Mengenai prediksi para geolog dan pakar gempa, dia membenarkan prediksi itu. Namun, Andi kembali menekankan, gempa yang diprediksi para pakar itu tidak bisa diprediksi waktu terjadinya namun bisa diketahui di mana akan terjadi. Para geolog memprediksi berdasarkan riwayat pergerakan lempeng selama belasan bahkan puluhan tahun.
"Ya, karena ada jalur ring of fire di sana. Kemungkinan seperti itu (prediksi gempa besar di Indonesia setelah di Nepal). Oleh karena itu para pakar menyebutnya waspada," imbuh Andi.
Sedangkan seismolog BMKG Ariska Rudyanto menambahkan kemungkinan prediksi para pakar itu bisa terjadi karena ada baik Nepal dan Indonesia terletak di antara dua lempeng besar yakni Lempeng Indo-Australia dan Lempeng Euroasia.
"Akan tetapi kita tidak mengetahui kapan gempa akan terjadi lalu kekuatan seperti apa, kita tidak pernah tahu. Misalnya gempa di Nepal terjadi akibat gempa di Aceh waktu itu, atau gempa di Jogja akibat kejadian di Jepang. Itu bisa saja. Karena sifatnya energi yang tidak bisa dilihat hanya bisa dirasakan," jelas dia.
Ariska juga menyarankan lebih memperhatikan mitigasi bencana gempa. Menurutnya, gempa alias goncangan bumi itu tidak membunuh.

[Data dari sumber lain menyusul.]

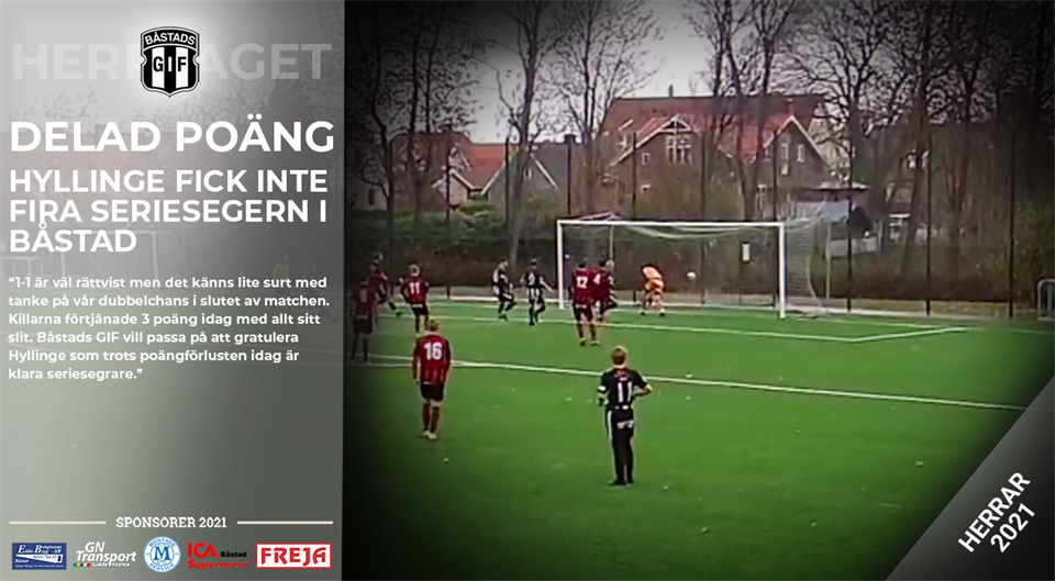 Hyllinge GIF hade på lördagen möjlighet att säkra seriesegern i serien genom vinst mot Båstad på Örebäcksvallens konstgräsplan. Hemmalaget hade revansch att fordra efter en svag insats lagen emellan under vårsäsongens match i Hyllinge. Matchen började i ett högt tempo och Båstad började piggt med hög press på bollhållaren i Hyllinge. Man kunde rätt snabbt se att motståndarna inte var vana vid att hela tiden hamna i tidsbrist så de första 20 minuterna blev ett ställningskrig kring vilket lag som skulle ta kommandot i matchen. I matchens 21 minut ställde hemmalaget om snabbt och Micke Bohlin fick ett friläge lätt pressad av en av Hyllinges mittbackar och skottet smet strax utanför målvaktens högra stolpe. Egon Sterner skojade friskt med sin bevakning och var ett ständigt orosmoment på sin högerkant. Efter ytterligare några minuter hittade Gustav Malmqvist fram till Alfred Kander på högerkanten, som tog sin in i straffområdet och fälldes. Domaren pekade på straffpunkten, och Alfred själv satte 1-0 till hemmalaget fullt rättvist. Resten av halvleken var jämn, men hemmalaget kunde gå till vila med 1-0 i bagaget. Andra halvlek fortsatte med samma höga tempo och samma höga press från hemmalaget, som var fast beslutna att inte låta Hyllinge fira seriesegern efter matchen. Efter en något förlupen boll kunde dock Hyllinge till slut reducera i matchens 84,e minut efter det att Gustav Malmqvist olyckligt halkade vid en brytning och 1-1 var ett faktum, ett resultat som stod sig matchen ut. - Två väldigt jämna lag i en mycket bra div V match. Vi var fast beslutna att inte låta Hyllinge komma till Båstad och fira serieseger utan att först gjort en ordentlig insats. Vi lyckas med vår matchplan, Hyllinge fick ingen tid att sikta långbollar bakom vår backlinje. När vi sedan lyckades spela igenom deras två höga lagdelar kom vi ofta till avslut genom ett effektivt kantspel. 1-1 är väl rättvist men det känns lite surt med tanke på vår dubbelchans i slutet av matchen. Killarna förtjänade 3 poäng idag med allt sitt slit kommenterade Båstads tränare Masse Borglund efter matchen. För Båstads GIF var resultatet ett viktigt kvitto på att man kan störa och utmana vilket lag som helst i den här serien, och Hyllinge skall vara nöjda med att åka hem med en poäng i bagaget. Den poängen skulle samma eftermiddag visa sig räcka till serieseger efter Ekets förlust hemma mot Munka-Ljungby med 0-1. Båstads GIF vill därmed gratulera Hyllinge GIF till en välförtjänt serieseger och uppflyttning till div IV 2022. Nu återstår bara två matcher av 2021, med ett besök av Ödåkra på lördag för att sedan göra avslut för året borta mot Förslövs IF kommande söndag. Vi hälsar våra supportrar varmt välkomna till hemmaavslutningen på konstgräset på lördag.

"Korban yang terjadi justru akibat colapse building, reruntuhan gedung. Oleh karena itu kita perlu memperhatikan seberapa kokohnya bangunan gedung itu dan keberadaan pondasi mereka ada di tanah lunak atau bagaimana sehingga ini menjadi langkah mitigasi bencana gempa," tuturnya.